La mémoire, à l’instar de l’oubli, est un droit mais aussi un
devoir, il nous faut l'assumer et la transmettre aux générations à venir pour
exorciser à tout jamais la tentation de l'abîme. Pour ce faire, il faudra bâtir
la paix sur des valeurs et principes qui nous immuniseraient à
l'avenir. Tirer les leçons du passé, les intégrer et les réactualiser,
c’est se résoudre à changer ce qui doit l’être et assumer un présent commun
afin d’envisager un avenir somme toute plus prometteur que la simple survie et
plus ambitieux qu’une suffisante cohabitation.
Exposer et explorer notre mémoire pour se réconcilier sans
complaisance avec notre histoire et atteindre le pardon préalable à la
confiance sans laquelle ni le pacte ni la coexistence qu’il institue ne sont
possibles.
Eduquer à la paix c'est exposer au récit
de la guerre, c'est en faire le récit et en apprendre le bilan aux générations
futures.
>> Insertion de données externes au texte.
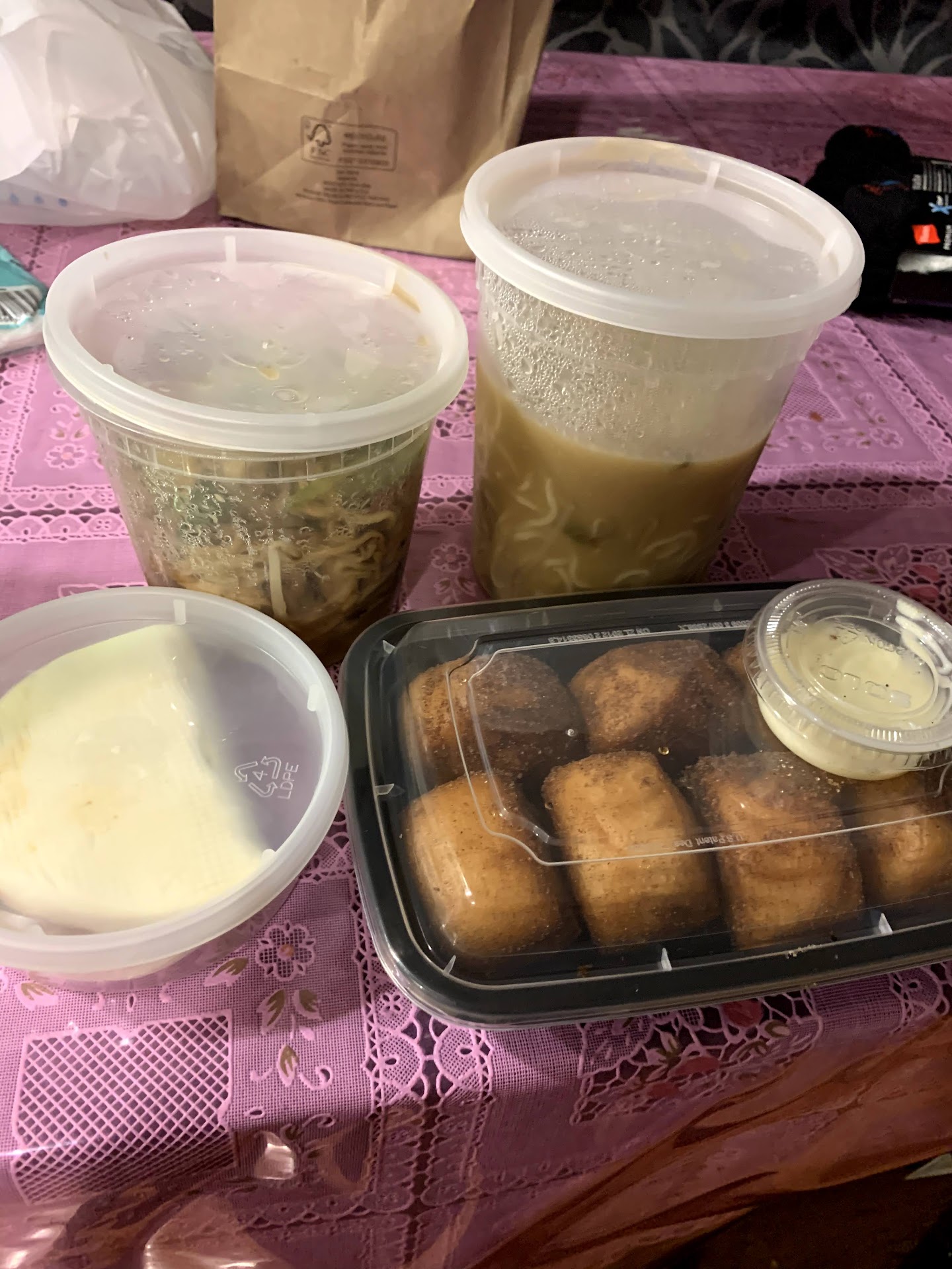 Tonkostu $14 - more of Japanese style ramen with the clear/gray broth. The pork belly was cooked to perfection which just melts in your mouth but wasn't a fan of the broth. It had a strong taste of seaweed in the broth (there was a piece of seaweed on the bottom of the bowl) that we didn't see until later. Overall 2/5 Taiwanese Guo Bao (pork belly) $10 - the white bun is so soft and has a nice sweetness to it but not overly sweet. The star of the show was the pork belly with the sauce was DELICIOUS, tender, and soft highly recommend to start with this appetizer. Overall 5/5 Xiao Long Bao $13 - they are definitely hot and please be careful when you bite into it, the hot broth does squirt out (hence the warning from our server who recommended ways to eat it). The broth wasn't as strong as I had hoped for it to be it was more of a clear broth with a hint of the meat (tastes like meat boiled in water with salt). The bun itself was soft and chewy to my liking but the meat that was stuffed was plain and shaped like a small circle of the dumpling. Overall 3/5 Yakisoba (chicken) $14 - was recommended for the kids and myself. This stole the show for me with its sunny side egg, flavor, and veggies. My girls actually ate the noodles which was very shocking to us as they're picky eaters on flavor (there's no spice in this dish). Overall 5/5 Carmalized banana lumpia with rice $7 - Not sure if they made their own ice cream but the ice cream drizzled with caramel was the best! The banana lumpia were made with egg roll/spring roll wrappers stuffed with bananas and it was delicious with it being light, crispy, and flaky. I would compare this dessert to crepe texture. Overall 4/5 Fried Mantou with condensed milk $7 - Soft Chinese donuts made fresh! The cinnamon and white sugar was a nice change from the usual white sugar donuts at china buffets. We didn't dunk them in the condensed milk as we knew we weren't a fan of it (we like to do bread with condensed milk instead). Overall 4/5

L’éducation est le vecteur de ce travail de
mémoire même si l’école doit être un sanctuaire, un lieu préservé des tensions
et conflits identitaires. Elle doit permettre aux individus de penser la coexistence,
le vivre ensemble et de tirer les leçons, tant les causes que les conséquences,
de la guerre. Il faut ouvrir la réflexion sur les obstacles au vivre ensemble
et sur ce qui le rend possible ou difficile
L'immunité de mémoire dont ont bénéficié
les générations passées est plus grave que l'immunité légale qu’il se sont
octroyés ; elle doit prendre fin, afin que nul ne réchappe au jugement de
l’histoire. La complaisance vis à vis des générations passées doit cesser, un
travail de déconstruction s’impose, c’est la condition de l’évolution qui passe
par une remise en question de notre histoire. C’est un passage obligé ; Il
nous faut parfois savoir rendre injustice aux faits et actes de nos ancêtres.
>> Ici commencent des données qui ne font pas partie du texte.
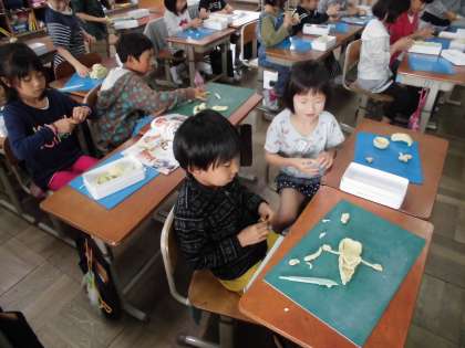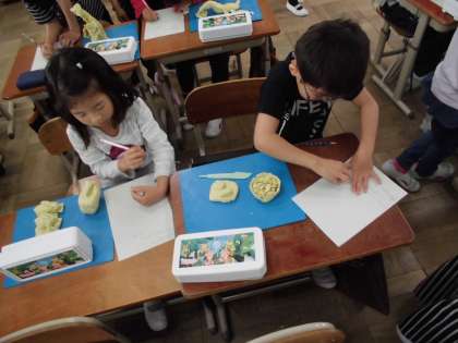 今日の図画工作科では,ねん土をにぎって,どのような形に見えるかを想像し,作品を創るという活動をしました。想像の生き物からおいしそうな食べ物まで,子どもたちは思い思いの作品を仕上げ,互いの作品を鑑賞していました。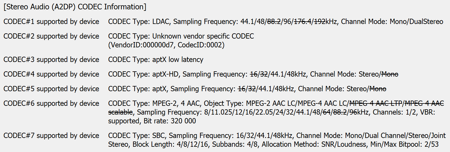 | Поддерживаемые кодеки | AAC, aptX, aptX adaptive, aptX HD, aptX Low Latency, LDAC, SBC |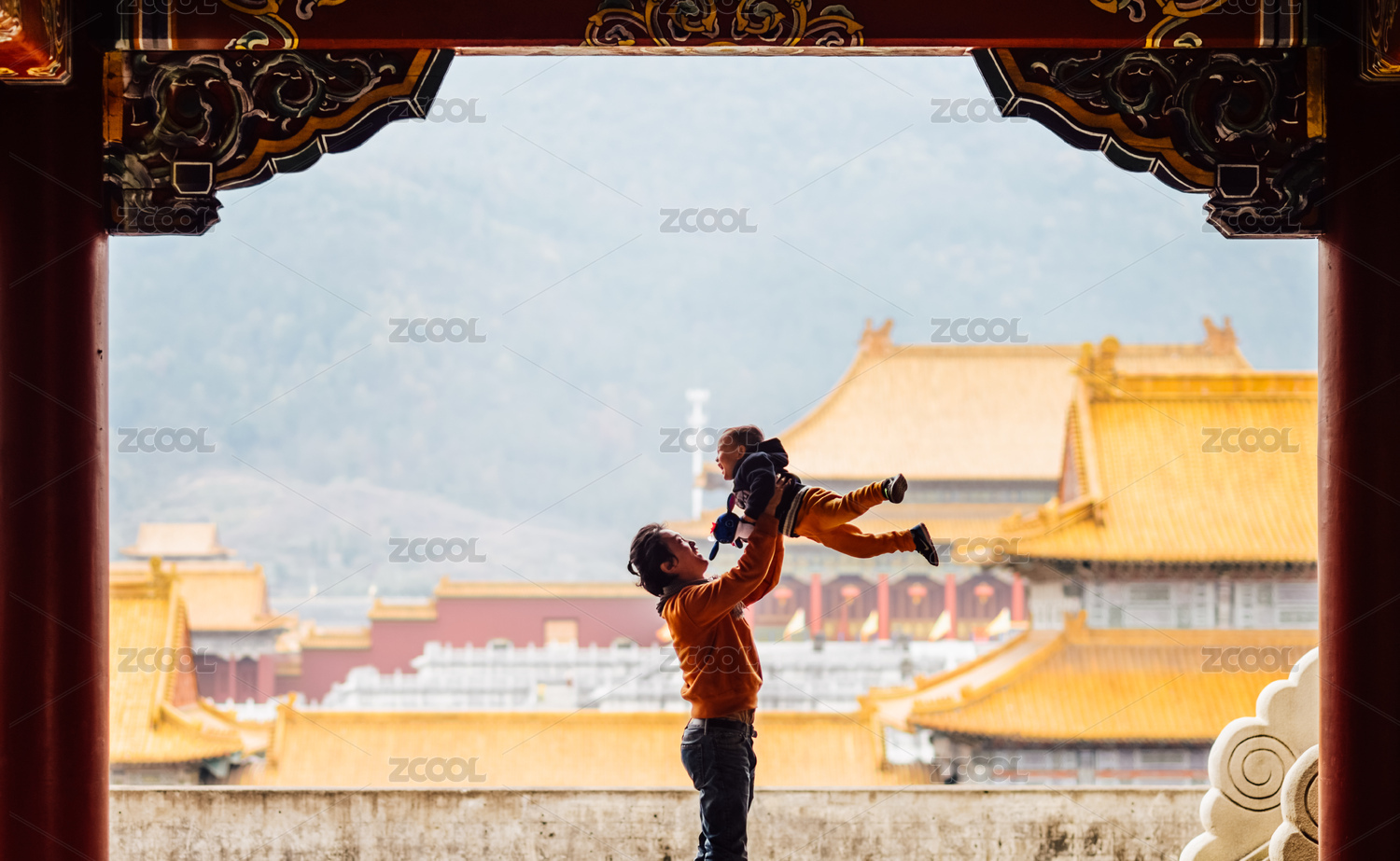 亚裔父子在横店影视城的明清宫苑的紫禁城举
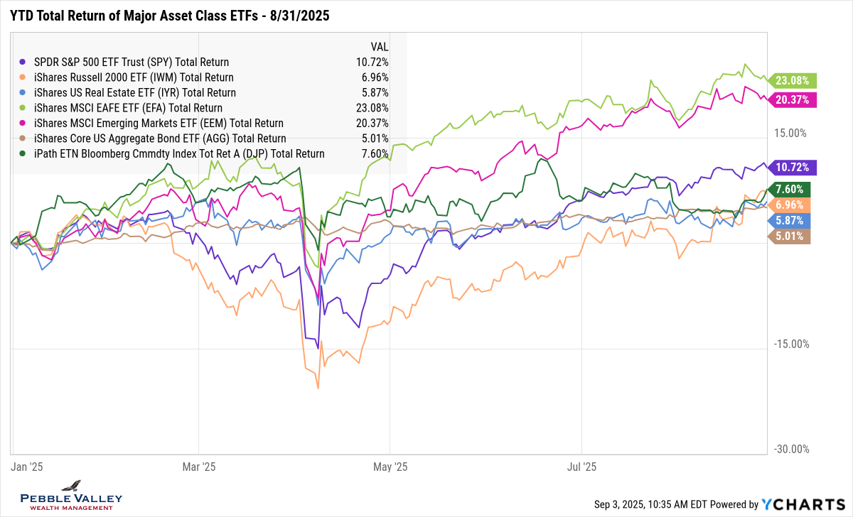 The graph below shows YTD total returns of major asset class ETFs. All lines in the graph continue to move up. One line that really moved up is the previously mentioned US Small Caps as it landed with the rest of indices on solid positive YTD territory. At the factor level (not shown), Value and Dividend payers outperformed Growth and Momentum in August – continuing with the “opposite land” theme.

Cioran ne s’y trompait pas lorsqu’il affirmait que "Le Progrès est l'injustice que
chaque génération commet à l'égard de celle qui l'a précédée."
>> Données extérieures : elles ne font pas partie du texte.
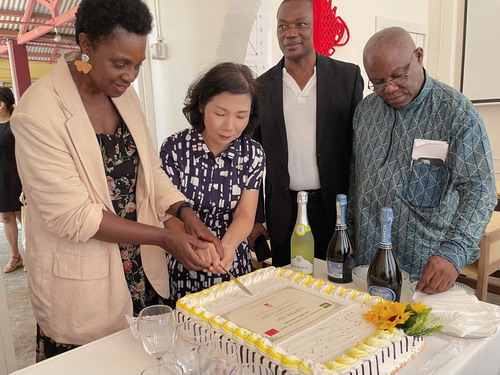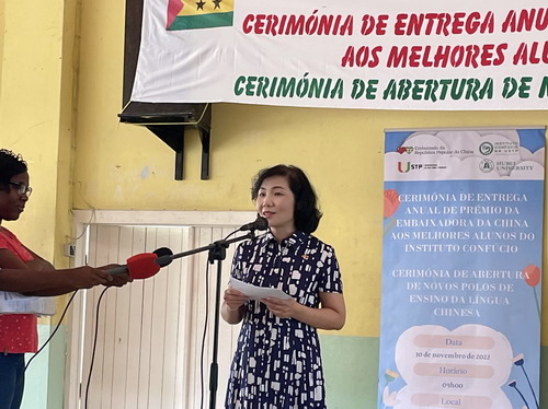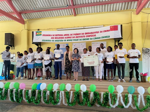 2022年11月30日,驻圣多美和普林西比大使徐迎真出席在圣普国家中学举行的“中国大使奖学金”颁奖仪式暨圣普大学孔子学院中学教学点启动仪式,圣普教育部长代表桑托斯、圣普大学校长达科斯塔、国家中学校长马尔塞洛、帕特里斯·卢蒙巴学校校长德塞塔、圣普大学孔子学院外方院长马加良斯、中方院长白梦璇及各校学生200余人参加活动。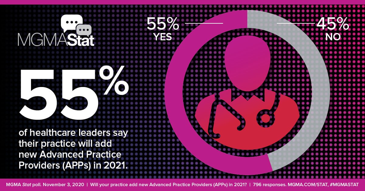The Medical Group Management Association’s most recent MGMA Stat poll asked healthcare leaders, “Will your practice add advanced practice providers (APPs) in 2021?” The majority (55%) said “yes,” compared to 45% who responded “no.”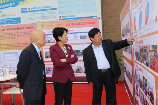 陕西省政协副主席、陕西省中华职业教育社主任李冬玉在观看学生作品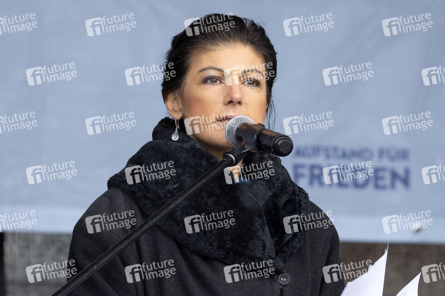 Sahra Wagenknecht auf der umstrittenen Friedensdemo und Kundgebung für Verhandlungen mit Russland statt Waffenlieferungen für die Ukraine am Brandenburger Tor. Dazu aufgerufen haben die Linken-Politikerin Sahra Wagenknecht und die Frauenrechtlerin Alice Schwarzer. Berlin, 25.02.2023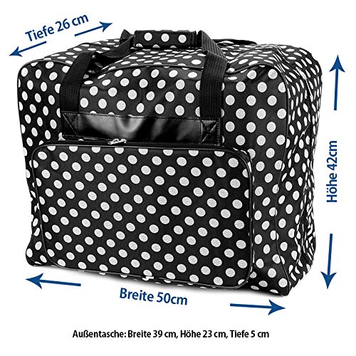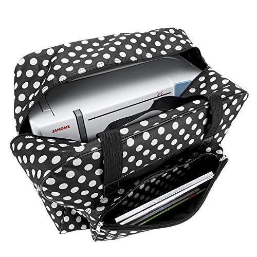-. Title : Hemline Dotty Sewing Machine Bag in Black Polka Dot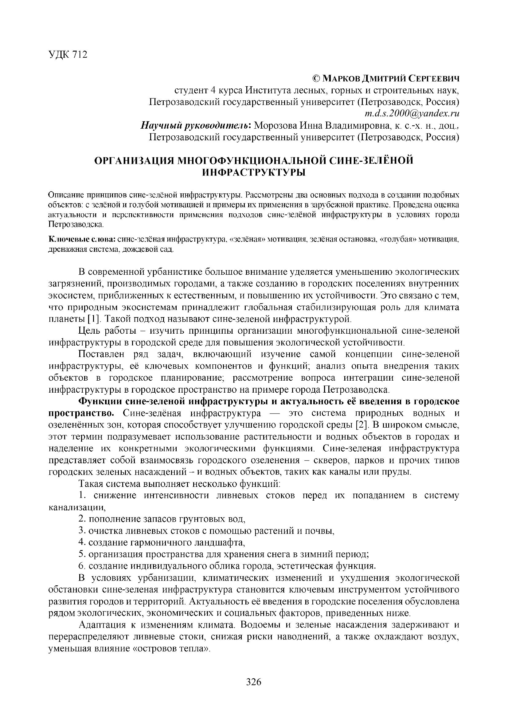 Описание принципов сине-зеленой инфраструктуры. Рассмотрены два основных подхода в создании подобных объектов: с зеленой и голубой мотивацией и примеры их применения в зарубежной практике. Проведена оценка актуальности и перспективности применения подходов сине-зеленой инфраструктуры в условиях города Петрозаводска.

Pour Ricoeur, une mémoire qui s’assume
est une mémoire apaisée ; soumise à
l’épreuve de la vérité elle ne nourrit plus de haine et n’est dirigée contre
personne. La mémoire apaisée et le pardon ont une fonction politique
essentielle, et Ricoeur de se demander si la politique ne commence pas là où
finit la vengeance.
Le
pardon apparaît alors comme « l’horizon commun d’accomplissement » de la
mémoire, de l’histoire et de l’oubli, mais il ne s’agit en aucun cas d’un « happy end », Le pardon n’est « ni facile, ni impossible », c’est un idéal
vers lequel tendre.
Ricoeur
met en garde ses contemporains : ce n’est que par un travail de deuil,
guidé par la volonté de réconciliation avec le passé, et par l’idéal du pardon,
qu’une société est à même de se séparer définitivement du passé pour faire
place au futur.
Ayons l'ambition de mobiliser notre mémoire collective en libérant
nos consciences individuelles et citoyennes. Dans “la mémoire contre
l’histoire”, François Bédarida s'effrayait du fait que "la raison
historique capitule devant les déviances de la mémoire". Dans “mémoire et
conscience historique” il trace la voie vers une conscience commune : « au
lieu de se laisser enfermer dans un jeu de miroirs, pourquoi ne pas nourrir une
ambition, plus haute, d'exploration à travers le miroir. “
L’histoire nous dit-on souvent est
écrite par les vainqueurs mais au Liban la guerre, à l’instar des conflits
précédents, s’est soldée par la formule du « ni vainqueur ni
vaincu ». Difficile dans ces conditions de déterminer un vainqueur et un vaincu
surtout que les protagonistes furent nombreux. La guerre appartient aux
mémoires mais pas encore à l’Histoire, elle reste à écrire à l’instar de
l’historiographie officielle du Liban contemporaine.
D’ailleurs si la guerre du Liban n’appartient pas encore à l’Histoire,
c’est peut être parce qu’elle se poursuit par d’autres moyens. Les canons se
sont tut mais pas les voix de la dissension.
Aussi, jusqu’à ce
jour il n’existe pas de date officielle en marquant la fin. Même le 13 Avril ne
fait l’objet d’aucune commémoration officielle, pas une minute de silence,
encore moins un jour férié ne lui est consacré, alors qu’il nous faudrait instituer ce
jour comme celui du grand pardon et de la réconciliation.